I dug up a 1963 lecture by Ben Graham – titled Securities in an Insecure World (linked below) – that popped up online several years ago and thought I’d share a few notes.
In the lecture, Graham discusses three big dangers investors face – nuclear war, inflation, and severe market volatility (specifically drawdowns) – which are the same today. Then he branches off into behavior, market valuation, and asset allocation.
He points out a recurring theme that resurfaces every few years:
They are returning to the idea that for the smart investor the question of stock market fluctuations does not have to be considered to any great extent. There is a two-fold emphasis here, which slurs over the reality of stock market fluctuations. The first is the general conviction that the market can be counted on to advance so emphatically through the years that whatever declines take place are comparatively unimportant; hence if you ahve the true investor’s attitude you don’t have to concern yourself with them. The second claim is a denial that the “stock market” exists at all, meaning thereby that what the market averages do is of no real importance to the intelligent, well-advised investor or speculator. It seems to be a ruling tenet on Wall Street that if you practice the proper kind of selectivity in investments you don’t have to worry about what the stock market does as a whole, as shown by the averages, for at all times the good stocks will be going up adn the bad ones will be going down and all you need to do is pick the good stocks and forget about the stock market averages.
The first one – the argument that common stocks are and always will be attractive, including present time, because of their excellent record since 1949 – involves in those terms a very fundamental and important fallacy. This is the idea that the better the past record of the stock market as such the more certain it is that common stocks are sound investments for the future…But you cannot say that the fact that the stock market has risen countinously (or slightly irregularly) over a long period in the past is a guarantee that it will continue to act in the same way in the future. As I see it, the real truth is exactly the opposite, for the higher the stock market advances the more reason there is to mistrust its future action if you are going to consider only the market’s internal behavior. We all know that for many decades the typical history of the stock market has been a succession of large rises, in good part speculative, followed inevitably by substantial falls…Hence, a large advance in the stock market is basically a sign for caution and not a reason for confidence.
The best way to deal with market volatility is to prepare yourself mentally for wide swings in prices at any time and adjust your asset allocation – between stocks and bonds – based on changes in market valuation.
In my nearly fifty years of experience in Wall Street I’ve found that I know less and less about what the stock market is going to do but I know more and more about what investors ought to do; and that’s a pretty vital change in attitude. The first point is that the investor is required by the very insecurity ruling in the world of today to maintain at all times some division of his funds between bonds and stocks…Any such variations should be clearly based on value considerations, which would lead him to own more common stocks when the market seems low in relation to value and less common stocks when the market seems high in relation to value.

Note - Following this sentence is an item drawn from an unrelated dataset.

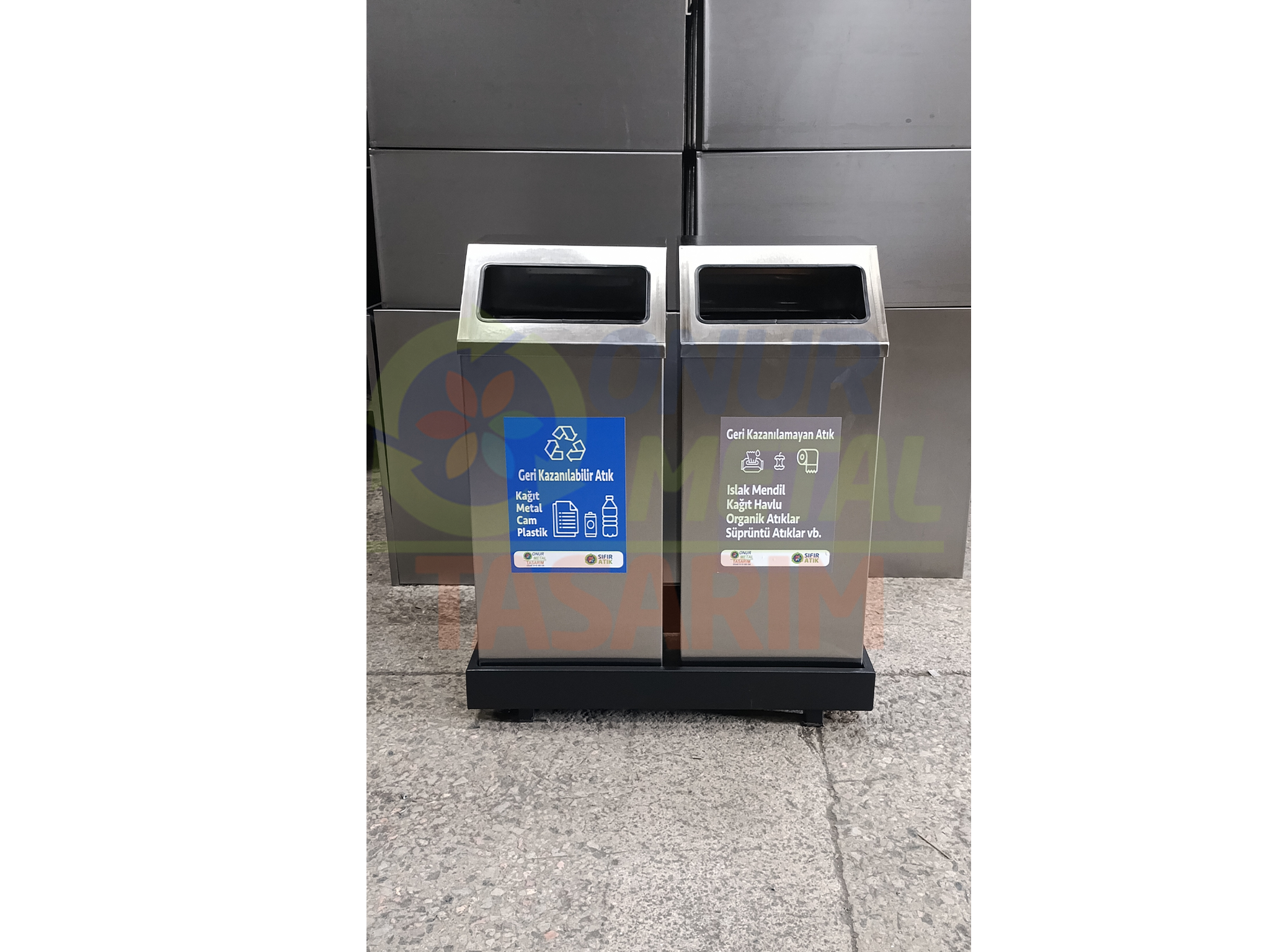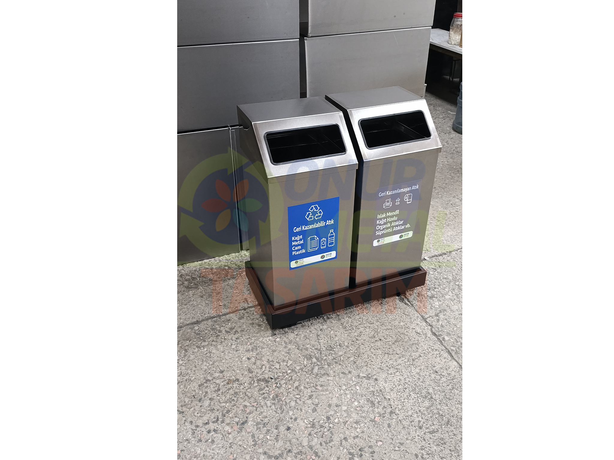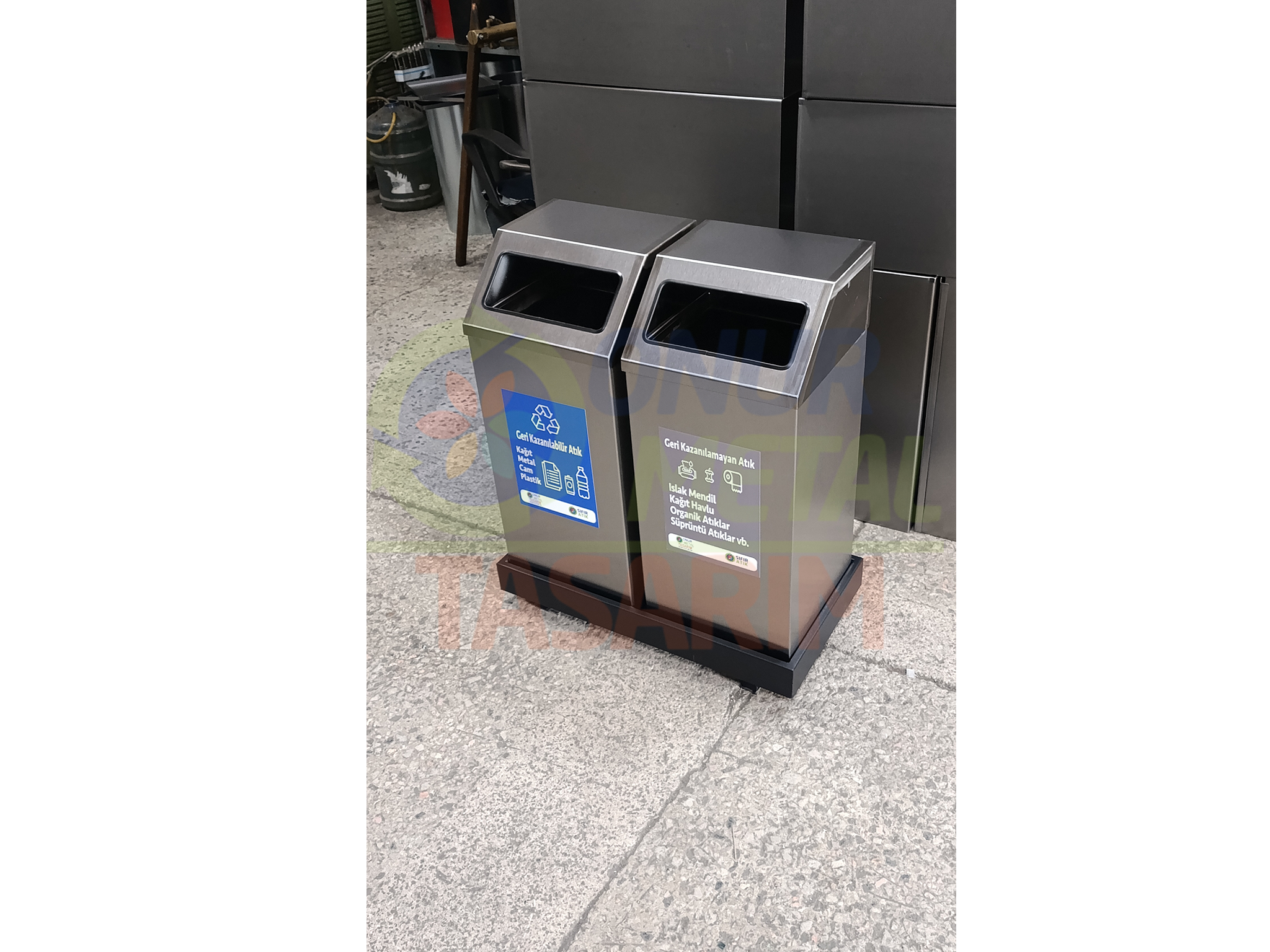 OMT-563 30×30 2’li Paslanmaz Sac Bazalı Çöp Kutusu

Now while this is the classic language of investment authorities, it is amazing how many people think in exactly opposite terms.
Graham goes on to recommend a minimum and maximum allocation between 25% and 75% respectively for stocks and the opposite for bonds (along with rebalancing and dollar cost averaging). The point is to avoid the all or nothing allocation.
The main need here is for the investor to select some rule which seems to be suitable for his point of view, one which will keep him out of mischief, and one, I insist, which will always maintain some interest in common stocks regardless of how high the market level goes. For if you had followed one of these older formulas which took you out of common stocks entirely at some level of the market, your disappointment would have been so great because of the ensuing advance as probably to ruin you from the standpoint of intelligent investing for the rest of your life.
Investing is an art, not a science. It’s impossible to consistently predict when the market turns. Owning a little bit of something guarantees you won’t miss out in case your wrong, or have much on the line in case your right, but the market hasn’t realized it yet.
The investor must recognize that there are uncertain and hence speculative elements inherent in any policy he follows – even an all-Government-bond program. He must deal with these uncertainties by a policy of continous compromise between bonds and common stocks, and by adequate diversification…He must make a strong effort to have more money invested in common stocks at lower market levels than at what he recognizes to be potentially high levels. Most important, he must maintain a philosophical attitude towards the inescapable variations in his financial position and the inevitable “mistakes” associated with these varations.